Look below for the line containing "조계사에 피신중인 한상균" and the line containing "埼玉県川越市のT様邸新築工事", then set down both and every line between them exactly, without pictures.

(Data to use begins)

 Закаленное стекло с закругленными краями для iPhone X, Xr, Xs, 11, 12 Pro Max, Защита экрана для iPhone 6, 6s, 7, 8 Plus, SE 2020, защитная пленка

(Data to use ends)
(Data to use begins)

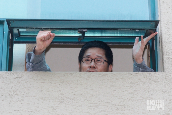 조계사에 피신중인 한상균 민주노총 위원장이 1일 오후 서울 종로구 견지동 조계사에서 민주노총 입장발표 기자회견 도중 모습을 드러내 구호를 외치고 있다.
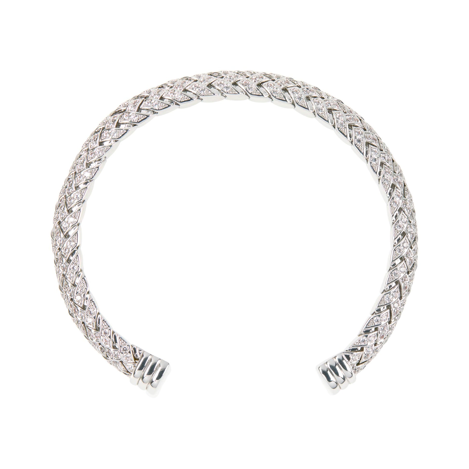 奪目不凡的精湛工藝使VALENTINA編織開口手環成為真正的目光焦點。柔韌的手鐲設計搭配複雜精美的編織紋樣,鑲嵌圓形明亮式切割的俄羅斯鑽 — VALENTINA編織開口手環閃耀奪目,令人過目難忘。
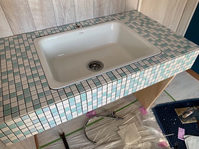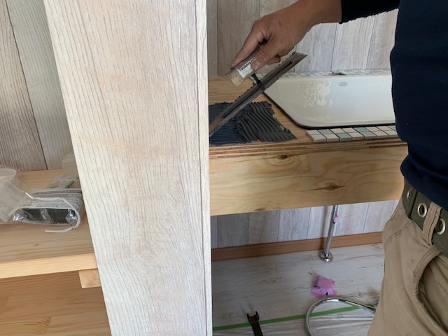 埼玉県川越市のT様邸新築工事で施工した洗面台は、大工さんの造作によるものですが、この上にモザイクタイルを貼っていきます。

(Data to use ends)
(Data to use begins)

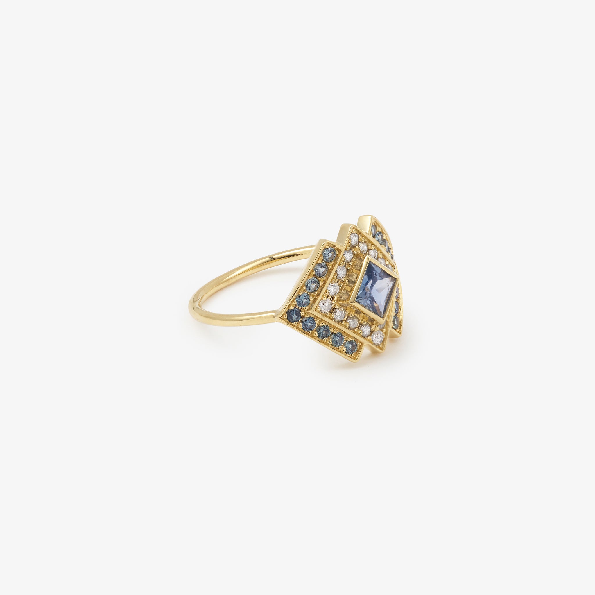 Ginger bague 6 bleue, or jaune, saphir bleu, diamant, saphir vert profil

(Data to use ends)

Output of the exercise →
 조계사에 피신중인 한상균 민주노총 위원장이 1일 오후 서울 종로구 견지동 조계사에서 민주노총 입장발표 기자회견 도중 모습을 드러내 구호를 외치고 있다.
 奪目不凡的精湛工藝使VALENTINA編織開口手環成為真正的目光焦點。柔韌的手鐲設計搭配複雜精美的編織紋樣,鑲嵌圓形明亮式切割的俄羅斯鑽 — VALENTINA編織開口手環閃耀奪目,令人過目難忘。
 埼玉県川越市のT様邸新築工事で施工した洗面台は、大工さんの造作によるものですが、この上にモザイクタイルを貼っていきます。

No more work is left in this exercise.